Cmocka uses a feature that gcc provides for breaking dependencies at the link time. It is possible to override implementation of some function, with the method from test harness. This allows test harness to take control of execution from binary (during the execution of test), and stimulate UUT as required without changing the source code.

coreboot unit test infrastructure supports overriding of functions at link time. This is as simple as adding a name_of_function to be mocked into <test_name>-mocks variable in Makefile.mk. The result is that the test’s implementation of that function is called instead of coreboot’s.

i2c-test example

i2c-test-mocks += platform_i2c_transfer

Now, dev can write own implementation of platform_i2c_transfer. This implementation instead of accessing real i2c bus, will write/read from fake structs.

int platform_i2c_transfer(unsigned int bus, struct i2c_msg
            *segments, int count)
{
}

Checking mock’s arguments

A test can verify the parameters provided by the UUT to the mock function. The developer may also verify that number of calls to mock is correct and the order of calls to particular mocks is as expected (See this). The Cmocka macros for checking parameters are described here. In general, in mock function, one makes a call to check_expected(<param_name>) and in the corresponding test function, expect*() macro, with description which parameter in which mock should have particular value, or be inside a described range.

i2c-test example

In our example, we may want to check that platform_i2c_transfer is fed with a number of segments bigger than 0, each segment has flags which are in the supported range and each segment has a buf which is non-NULL. We are expecting such values for _every_ call, thus the last parameter in expect* macros is -1.
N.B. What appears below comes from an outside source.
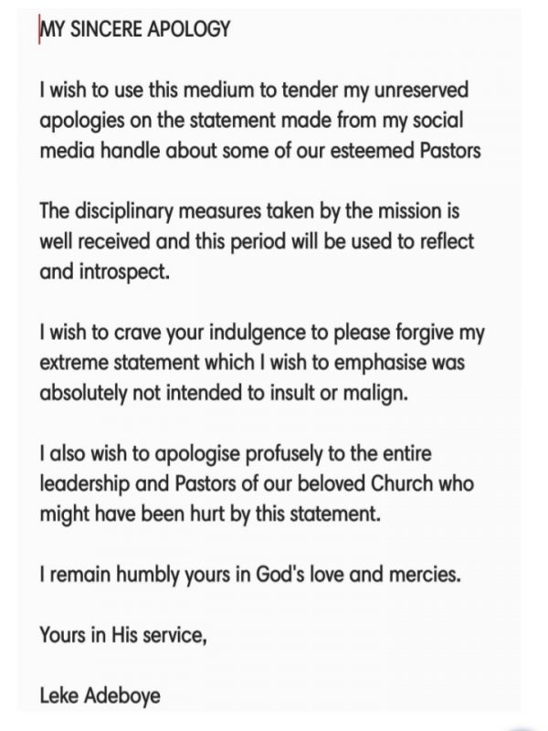 Pastor Leke Adeboye, after facing a three-man disciplinary panel tendered an unreserved apology, saying he did not intends to bring disrepute to servants of God.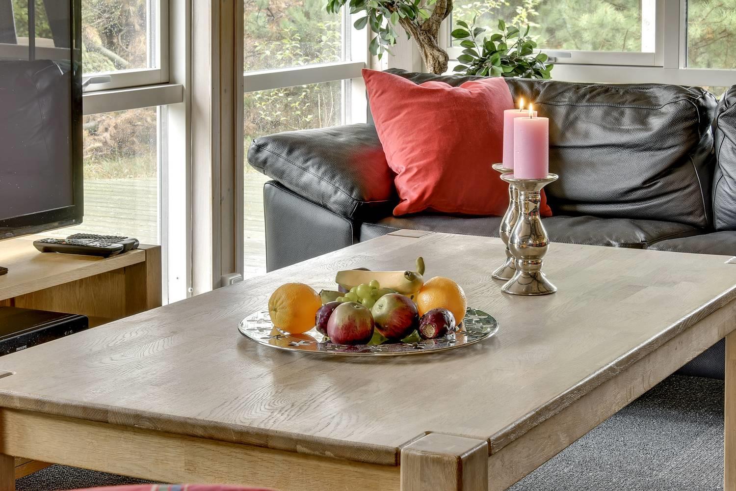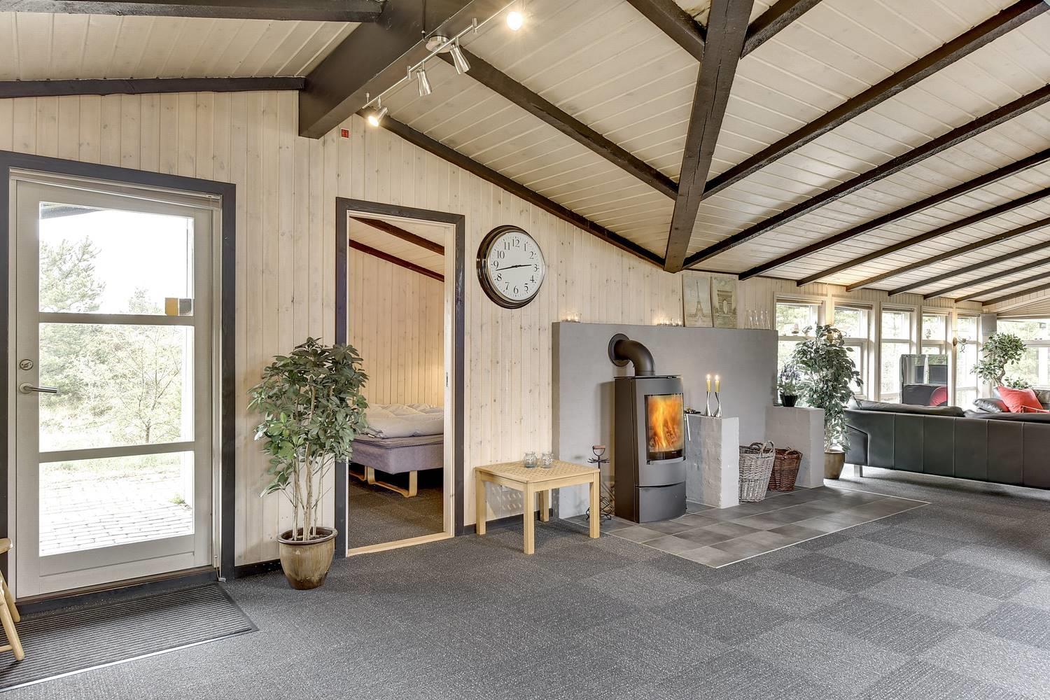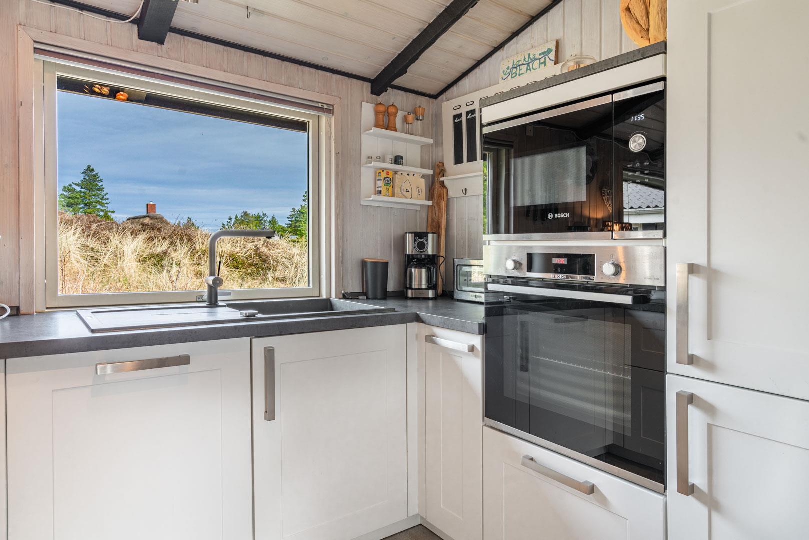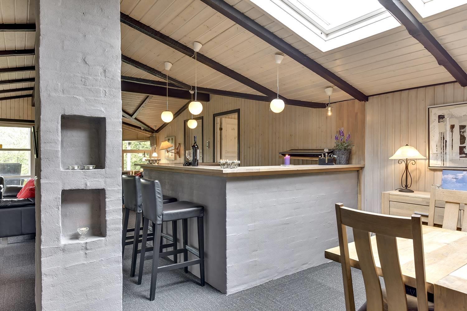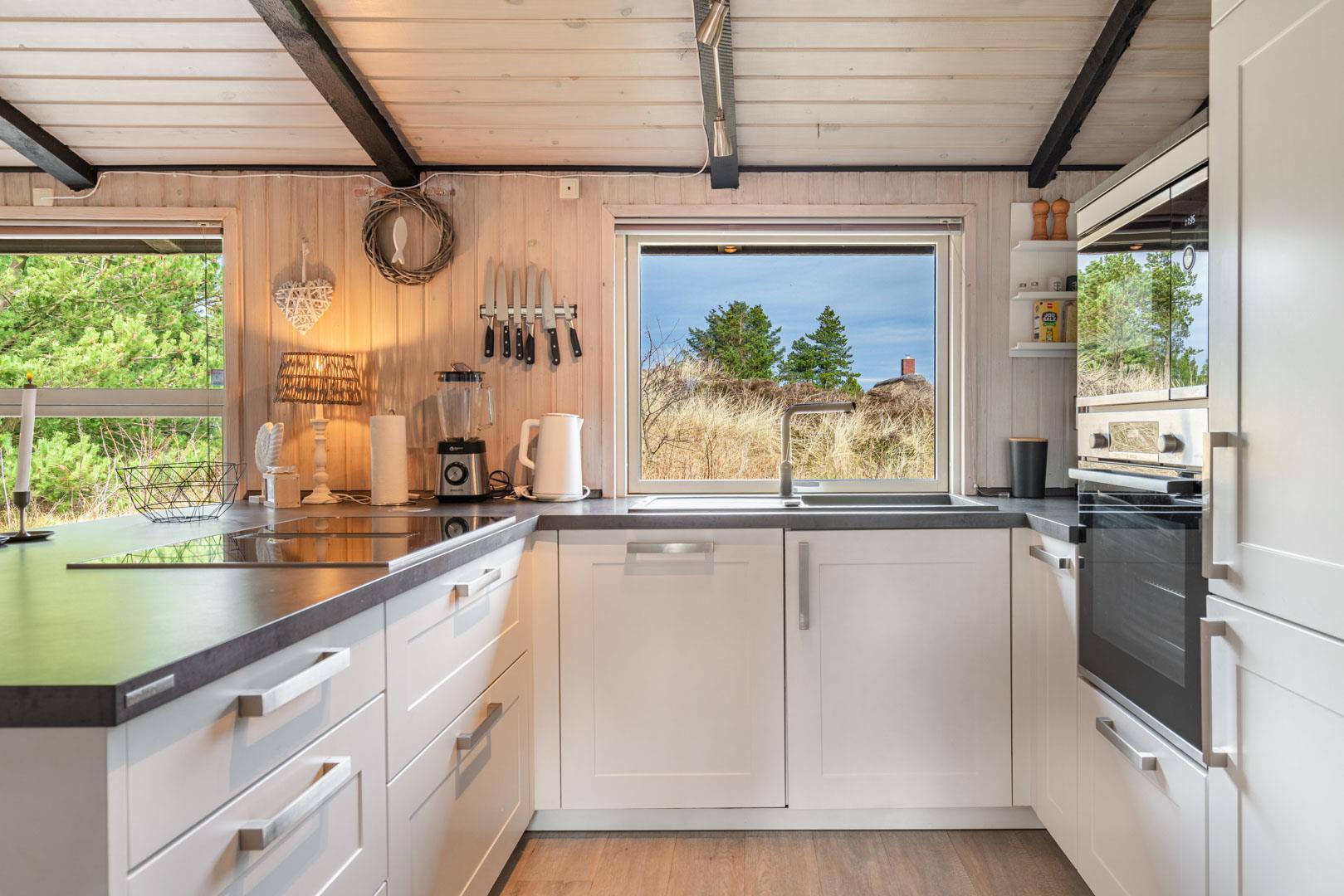 Det åbne og veludstyrede køkken er integreret i husets store, lyse stue-/alrum, hvor en hyggelig indbygget bar, komfortable sofaer og en brændeovn med glaslåge skaber den helt rigtige feriestemning.

static void mock_expect_params_platform_i2c_transfer(void)
{
        unsigned long int expected_flags[] = {0, I2C_M_RD,
                I2C_M_TEN, I2C_M_RECV_LEN, I2C_M_NOSTART};

        /* Flags should always be only within supported range */
        expect_in_set_count(platform_i2c_transfer, segments->flags,
                expected_flags, -1);

        expect_not_value_count(platform_i2c_transfer, segments->buf,
                NULL, -1);

        expect_in_range_count(platform_i2c_transfer, count, 1,
                INT_MAX, -1);
}

And the checks below should be added to our mock

check_expected(count);

for (i = 0; i < count; i++, segments++) {
        check_expected_ptr(segments->buf);
        check_expected(segments->flags);
}

Instrument mocks

It is possible for the test function to instrument what the mock will return to the UUT. This can be done by using the will_return*() and mock() macros. These are described in the Mock Object section of the Cmocka API documentation.

Example

There is an non-coreboot example for using Cmocka available here.

Test runner

Finally, the developer needs to implement the test main() function. All tests should be registered there and the cmocka test runner invoked. All methods for invoking Cmocka test are described here.

i2c-test example

We don’t need any extra setup and teardown functions for i2c-test, so let’s simply register the test for i2c_read_field and return from main the output of Cmocka’s runner (it returns number of tests that failed).

int main(void)
{
        const struct CMUnitTest tests[] = {
                cmocka_unit_test(i2c_read_field_test),
        };

        return cb_run_group_tests(tests, NULL, NULL);
}